## Exercise requirements
Going through the material below, output exactly the lines from the one containing "서울복지타임즈 이재연 기자" through the one containing "Tramvaj zdemolovala auto.", and no pictures.

## Exercise input
========================================================================

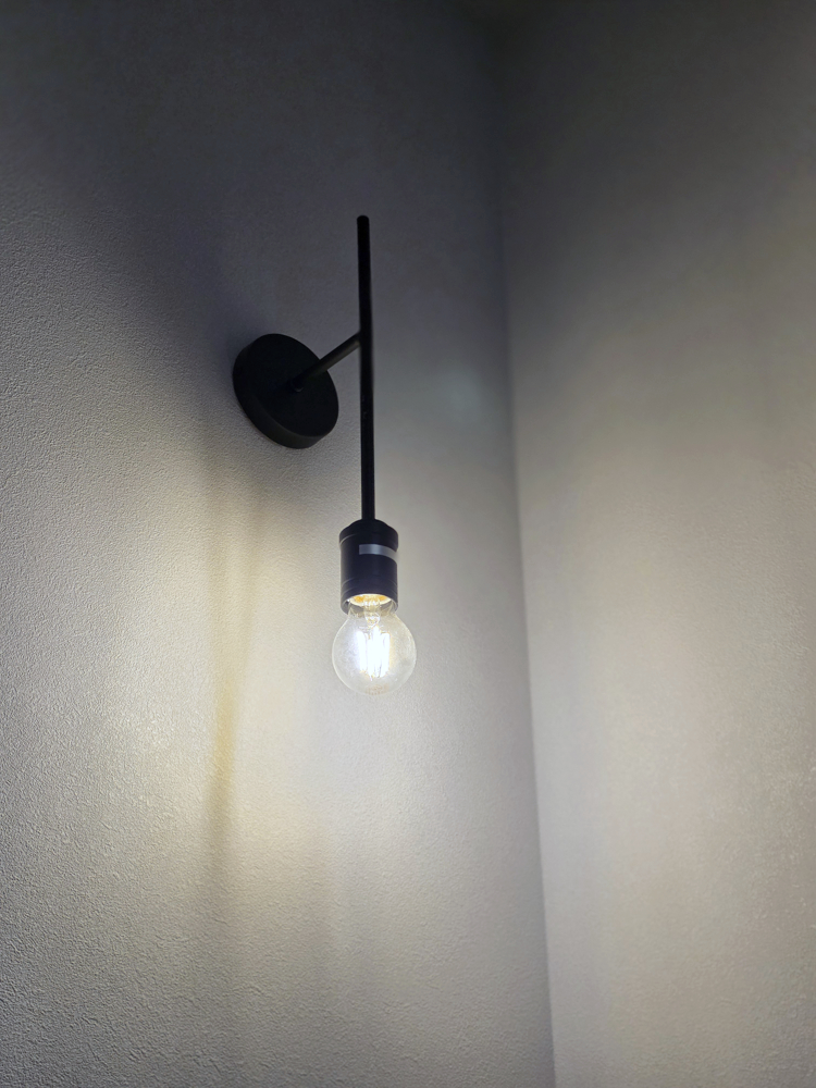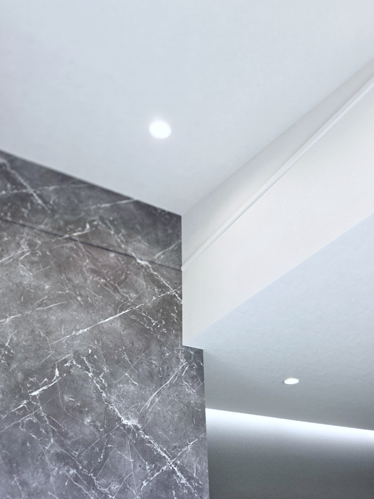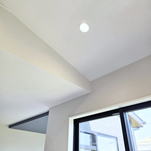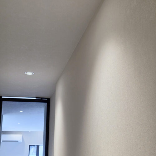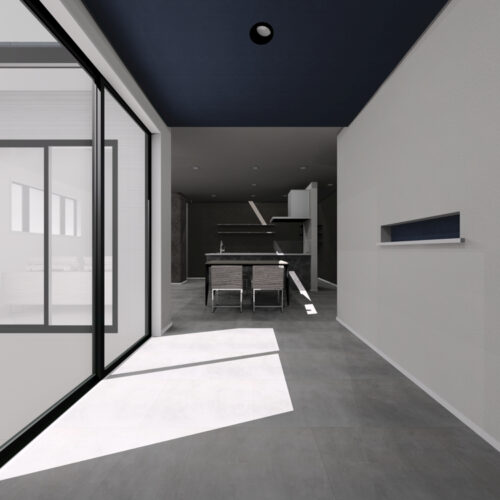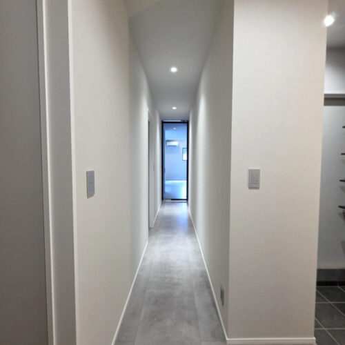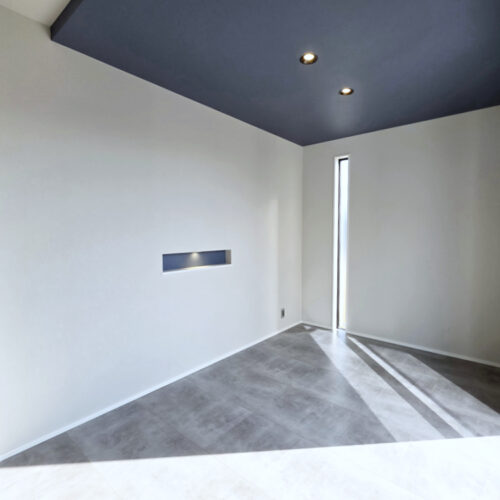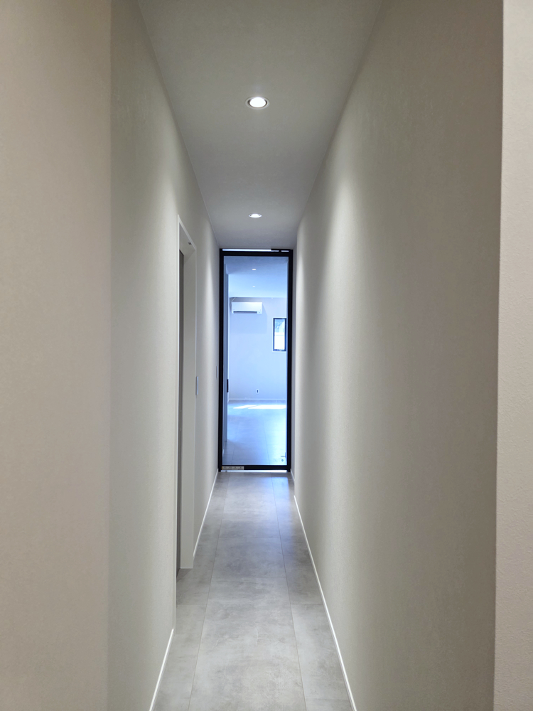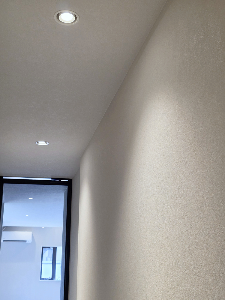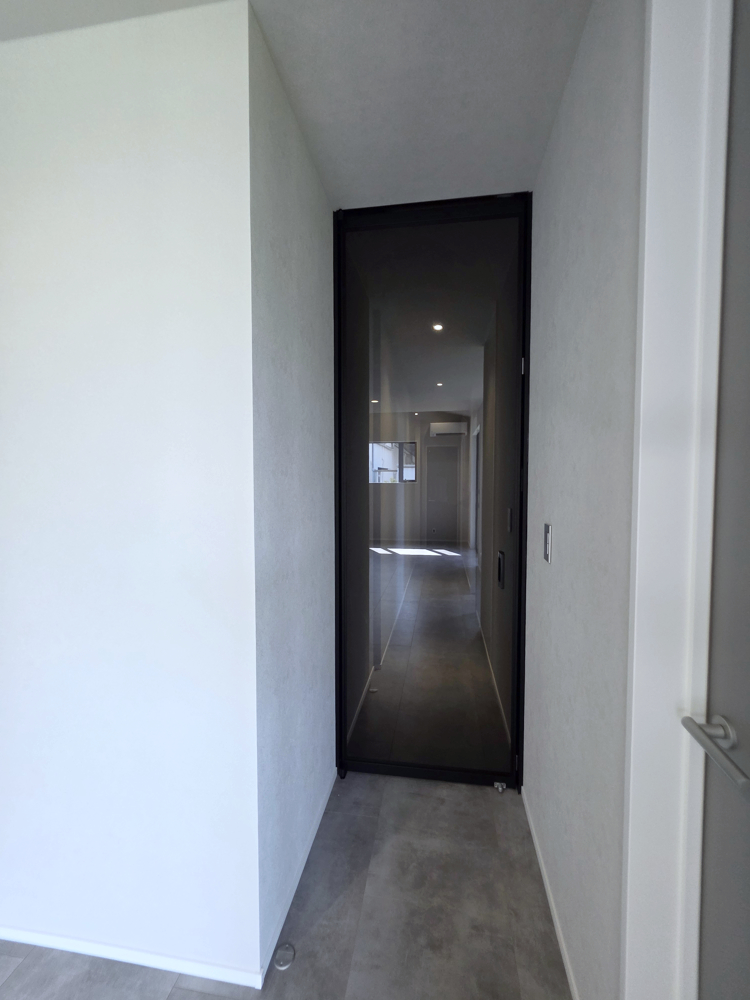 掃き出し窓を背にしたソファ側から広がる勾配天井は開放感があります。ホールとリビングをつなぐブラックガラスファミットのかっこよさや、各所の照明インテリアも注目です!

========================================================================

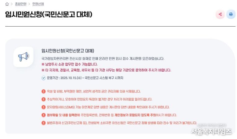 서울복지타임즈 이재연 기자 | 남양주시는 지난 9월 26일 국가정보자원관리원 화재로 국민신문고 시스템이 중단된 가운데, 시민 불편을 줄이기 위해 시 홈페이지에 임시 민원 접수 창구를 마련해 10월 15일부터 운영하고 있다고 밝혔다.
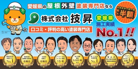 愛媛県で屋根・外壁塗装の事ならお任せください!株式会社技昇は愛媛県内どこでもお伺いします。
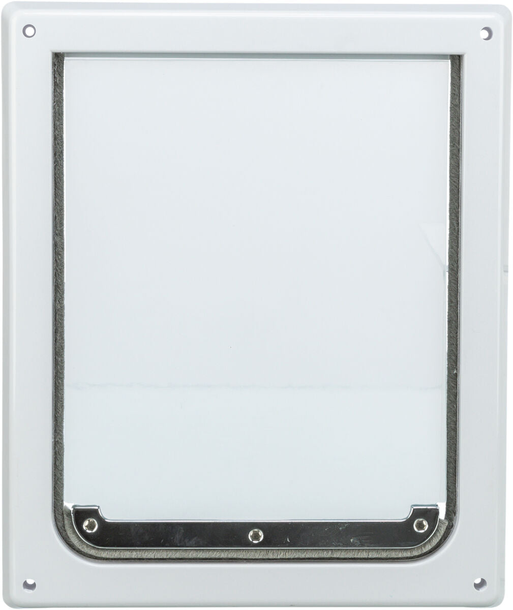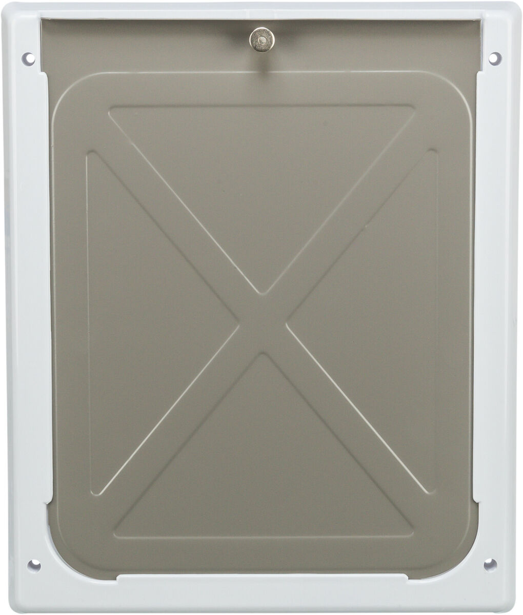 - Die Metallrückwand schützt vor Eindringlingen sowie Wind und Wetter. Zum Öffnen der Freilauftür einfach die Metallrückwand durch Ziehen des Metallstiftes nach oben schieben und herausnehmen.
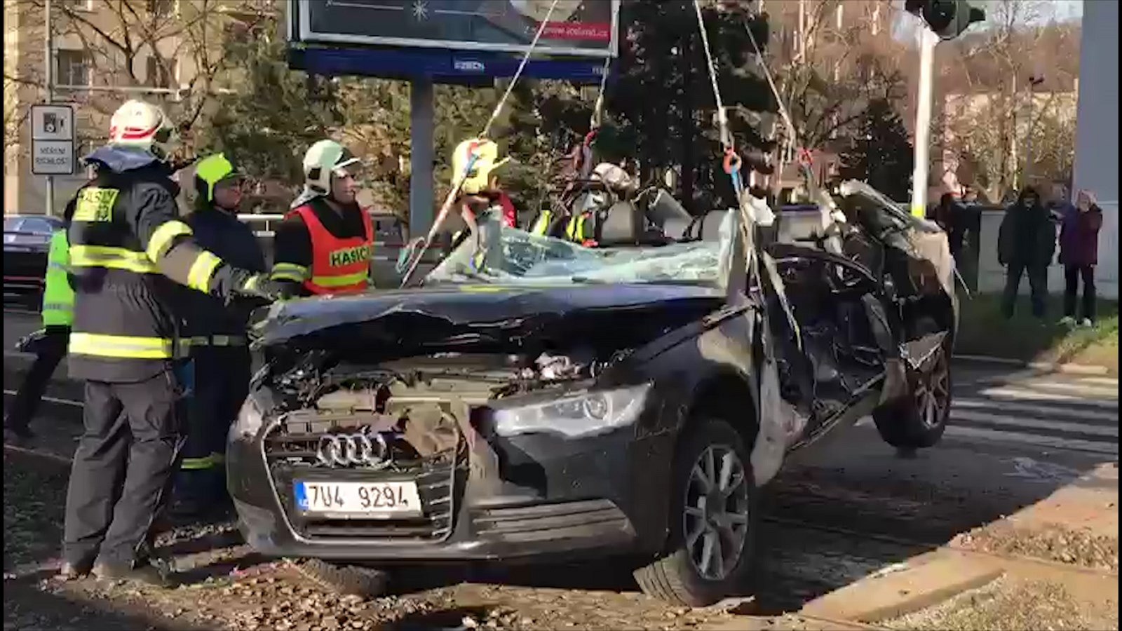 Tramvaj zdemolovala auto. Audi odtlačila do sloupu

========================================================================

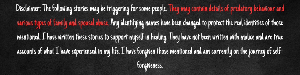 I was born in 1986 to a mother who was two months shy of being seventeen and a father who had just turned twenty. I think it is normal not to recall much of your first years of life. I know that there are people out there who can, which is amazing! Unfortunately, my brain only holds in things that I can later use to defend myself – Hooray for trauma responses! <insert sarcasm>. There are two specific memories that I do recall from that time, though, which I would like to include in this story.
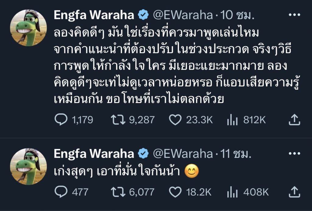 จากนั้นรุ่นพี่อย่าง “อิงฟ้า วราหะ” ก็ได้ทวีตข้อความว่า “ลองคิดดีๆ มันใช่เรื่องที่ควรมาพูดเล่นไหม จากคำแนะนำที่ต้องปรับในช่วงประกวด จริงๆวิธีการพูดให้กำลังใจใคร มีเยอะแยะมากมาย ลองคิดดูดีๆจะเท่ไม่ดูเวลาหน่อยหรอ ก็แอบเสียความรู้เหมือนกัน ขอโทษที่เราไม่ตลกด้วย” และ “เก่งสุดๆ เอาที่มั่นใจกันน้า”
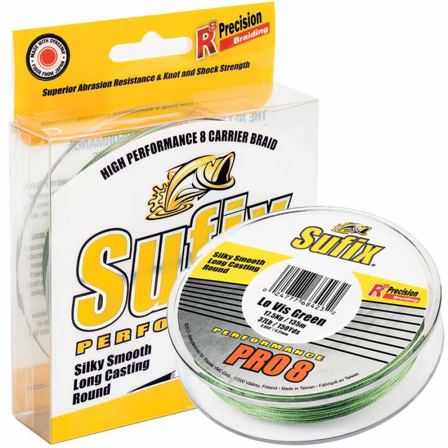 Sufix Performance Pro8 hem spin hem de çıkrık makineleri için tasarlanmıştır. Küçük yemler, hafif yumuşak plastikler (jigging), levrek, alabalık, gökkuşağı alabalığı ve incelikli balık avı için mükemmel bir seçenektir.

========================================================================

## Solution
 서울복지타임즈 이재연 기자 | 남양주시는 지난 9월 26일 국가정보자원관리원 화재로 국민신문고 시스템이 중단된 가운데, 시민 불편을 줄이기 위해 시 홈페이지에 임시 민원 접수 창구를 마련해 10월 15일부터 운영하고 있다고 밝혔다.
 愛媛県で屋根・外壁塗装の事ならお任せください!株式会社技昇は愛媛県内どこでもお伺いします。
 - Die Metallrückwand schützt vor Eindringlingen sowie Wind und Wetter. Zum Öffnen der Freilauftür einfach die Metallrückwand durch Ziehen des Metallstiftes nach oben schieben und herausnehmen.
 Tramvaj zdemolovala auto. Audi odtlačila do sloupu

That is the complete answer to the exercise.